Core Concepts
This paper proposes a generic Markov Decision Process (MDP) model for analyzing selfish mining attacks against a wide class of DAG-based blockchain protocols, enabling fair comparison and validation across different protocols.
Abstract
The paper presents a generic framework for modeling and analyzing selfish mining attacks against DAG-based blockchain protocols. Key points:
Existing selfish mining analyses have focused on linear chain protocols like Bitcoin, but many recent protocols use DAG structures, which require more complex MDP models.

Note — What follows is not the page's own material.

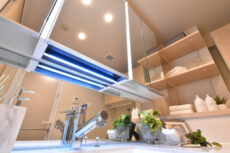 洗面化粧台のライトのスイッチは非接触タイプ。下側にセンサーが付いていて手をかざすだけでONOFFが可能です。洗う前の汚れた手や洗って濡れた手で触らないので衛生的ですね。幅が広い分収納も豊富!大きなものから細かいものまでバランスよく収納できそうです。

The authors propose a modular protocol specification that captures the key components needed for selfish mining analysis, including block mining, chain update, progress tracking, and reward allocation.
Based on this protocol specification, the authors define a generic attack space and MDP model that can be instantiated for different DAG protocols. This includes tracking the defender's and attacker's views of the BlockDAG, as well as block withholding and release actions.
The authors implement their generic model for Bitcoin and validate it against previous selfish mining analyses, showing alignment with the model of Sapirshtein et al. but identifying a discrepancy with the model of Bar-Zur et al.
The authors outline plans to extend the framework to model additional security metrics beyond selfish mining revenue, such as censoring and history rewriting, as well as to handle larger BlockDAGs using reinforcement learning techniques.
The key contribution is the development of a modular and generic MDP framework that can be applied to analyze selfish mining in a wide range of DAG-based blockchain protocols, facilitating fair comparisons and validations across different designs.